Yukarıda izlemek isteyenler süreyi dert etmesin 2 saatlere çıkmıyor bu dizi Hatta son sezonunda full 1 saatlik bölümler var.
Birde bu dizinin sansürsüz izlediğim bölümleri daha güzel gelmişti gözüme, öyle izlemeye çalışın.
Behzat Ç.'yi ve la demelerini özlüyorum.
Geçen düşündüm Behzat Ç. gibi bir dizi var mı dünyada diye, bulamadım. Yok onun anlattığını anlatan bir dizi. Ne yabancılarda var, ne bizde var öyle bir dizi.
Imdb listelerini pek ciddiye almam ama şöyle bir şey gözüme çarptı: Top 250 listesinde yer alan 4 dizimiz var, (İşler Güçler, Behzat Ç., Kardeş Payı, Leyla ile Mecnun) İşler Güçler'i saymazsak diğer 3 dizide haksız yere bitirildi. Bu durumda da bizim için bi utanç tablosu gibi bir şey çıkıyor herhalde. Çok yazık gerçekten.
@dkamoy: Luther izlerken en çok ne bekledim biliyor musun ?:
Sorguda ve suçluları yakaladıkları zaman Luther'ın biraz Behzat gibi onları pataklamasını isterdim.
Öncelikle olumlu yorumlarınız için çok teşekkür ederim. @ozgun14 ayrıca teşekkür ederim, o olmasa yazı hala taslaklarda kış uykusunda olacaktı. Aslında yazının enterasan bir hikayesi var. Bu yazıyı bir yıldan fazla oluyor yazalı ilk siteye yüklediğim de bir önceki editör tarafından başka bir yerde (kendi blogumda) yayınlandığından dolayı geri çevirilmişti.
O zamanlar diziye yeni başlamış acayip etkilenmiş adeta içimi dökecek bir şey arıyordum. 30 bölüm izlememe rağmen böyle bir şey ortaya çıktı.
Bu arada diziyi hala bitirmedim. 85. bölümdeyim. Kıyamıyorum her gün bir bölüm izliyorum. İzlemek isteyenler için dizinin resmi youtube kanalı ilk iki sezon 480p kalitesinde 3.sezon 1080p ve sonlara doğru sansürsüz olarak da eklenmiş. İzlememiş olanlar şanslısınız. Boş vakitleriniz de bir şans verin derim. Sevgiler
edit: @dkamoy düzelttim, kusura bakma, uyardığın için sağ ol
@TheAnarky : Hatırlarsanız yazınız başta kendi özel bloğunuzdaydı.

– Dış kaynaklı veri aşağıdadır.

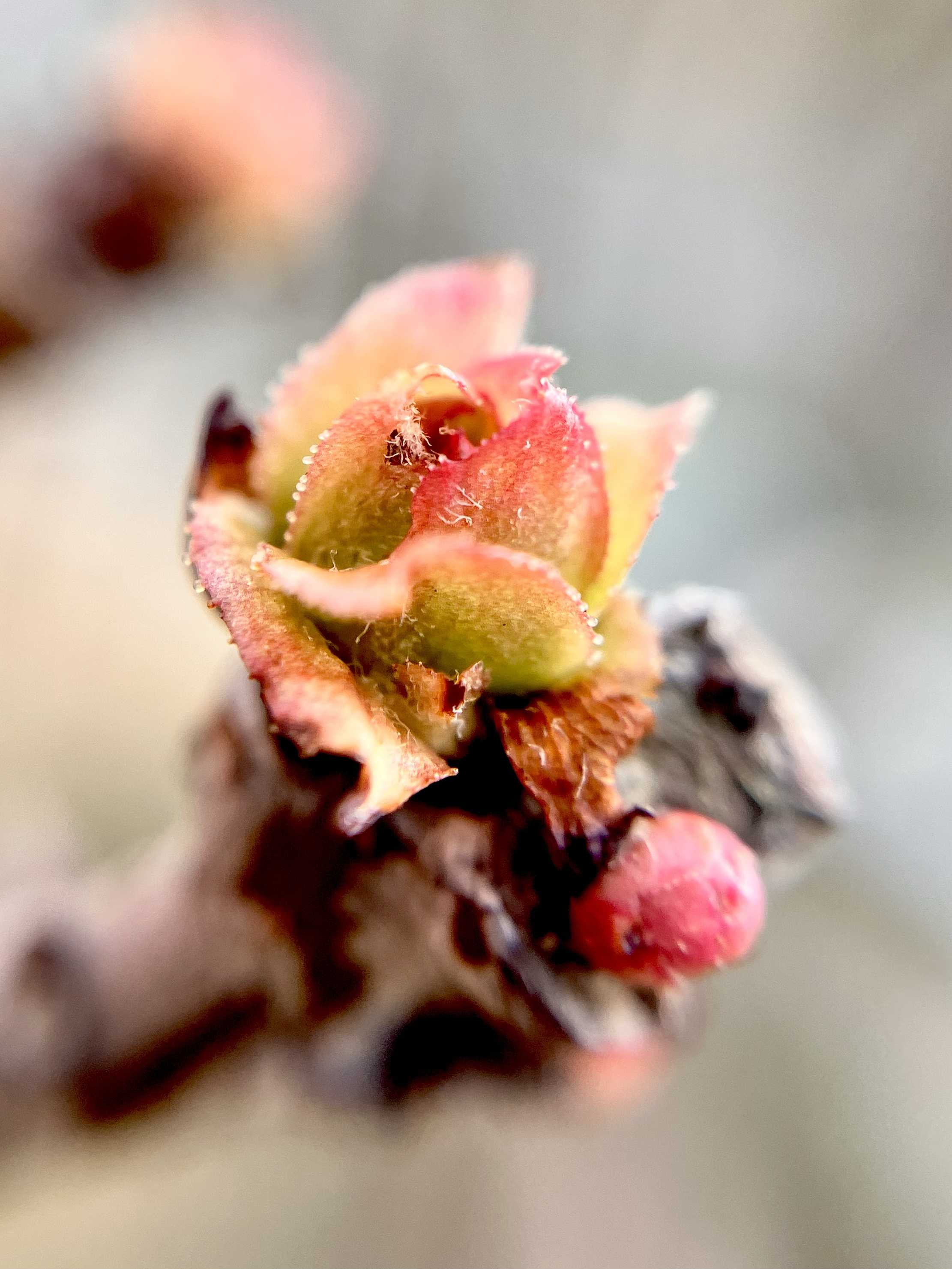 艶やかな赤い冬芽の芽鱗から柔らかい新芽が飛び出して来ました❣️

Zamanında pek severek izlemiştim bu diziyi. Bizim dizilere göre standartların üstünde bir diziydi. Karakterlerin işlenişini, derinliğini vs. halen çok başarılı bulurum. Yukarıda necdetcem söylemiş ama tekrar edeyim ben de. Dizinin ilk iki sezon bölümleri ortalama 90 dk, son sezonda 60-65 dakika arası değişiyor. Süreye çok takılmayın yani.
Çok başarılı bir inceleme olmuş, ellerinize sağlık @TheAnarky, ayrıca teşekkürler @ozgun14.

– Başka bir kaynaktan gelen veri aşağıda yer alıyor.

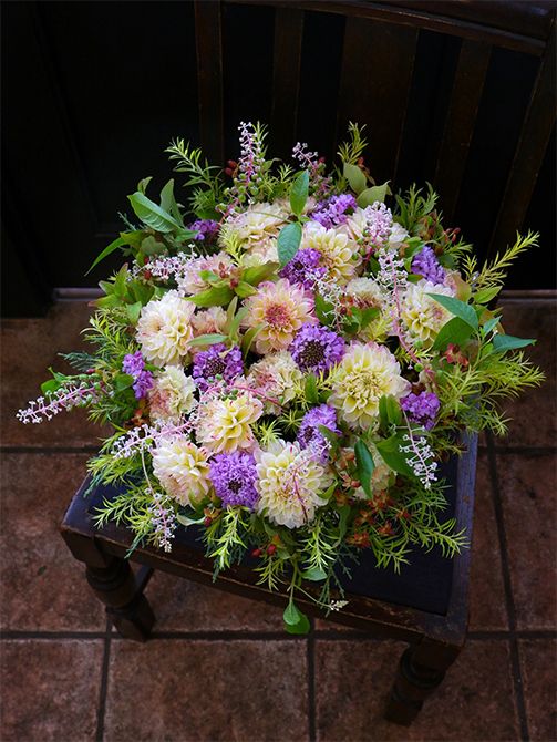 お誕生日のお祝いに透明感あふれる秋の贈り花を。淡いクリーム色にピンクが入るかわいらしいダリア‘キャンキャン’と、よく似た花色のカーネーション‘レディシーン’を合わせ、スカビオサ‘ビオレ’、紅葉ヒペリカム、ヨウシュヤマゴボウ、メラレウカ‘レボリションゴールド’などを加えたアレンジです。

turk dizileri birbirlerinin kopyası diziler çekılıyor çok az turk dizileri izlemişimdir oda farklı konusu olan dizileri izliyorum artık tv açamıorum okadar boşş dizi programlar var yabancıların hayal dunyası bizden daha iyii birde çakma dizileri alıp yapmasalar çok guzel olacak
@TheAnarky
ben de tesadüfen eski taslakları temizleme aşamasında karıştırırken denk geldim. içine not düşmüşsünüz yazıyı kişisel blogumdan kaldırdım yayınlayabilirsiniz diye. ama editör tayfası olarak o notu görmemişiz. bekleme ondan olmuş. siz de tekrardan göndermeyince kalmış öyle gerilerde. ben içindeki notu görüp ricanız üzerine google da aratıp başka yerde olmadığını fark edince işlemleri başlattım diyelim.

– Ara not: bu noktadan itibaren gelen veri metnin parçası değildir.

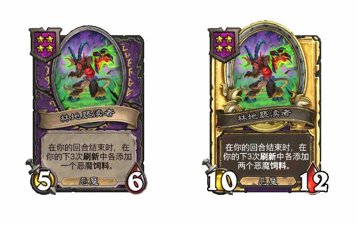 [恶魔4费小型] 获取一张林地亵渎者。酒馆中的恶魔饲料拥有+2/+2。

geç olsun güç olmasın daha başka yazılarınızı da okuruz inşallah
.Geçen gün kanal d ye verilen cezaları görünce artık iyi gerçekçi bir türk dizisinin yapma imkanın gittikçe ortadan kalktığı duygusuna kapıldım..Hele yeni bir yasa hazırlanıyor ki kanallara nerdeyse dizi yapmayın türde.Getirilen reyting sistemi zaten bu tür dizlerin ekranda yaşamasına büyük engel.Sansür ülkesi olma yolunda koşar adımlarla gidiyoruz zaten ve çıkacak yasayla bu iş iyice resmiyete binecek.Bu diziyi bu yüzden izlemek için bile büyük bir sebep oluşturuyor bu durum.Başka bir örneği olmuyacak çünkü.
Neşet Ertaş ı gençlere sevdiren bizi rakının içkinin efendisi olduğunu gösteren diziydi.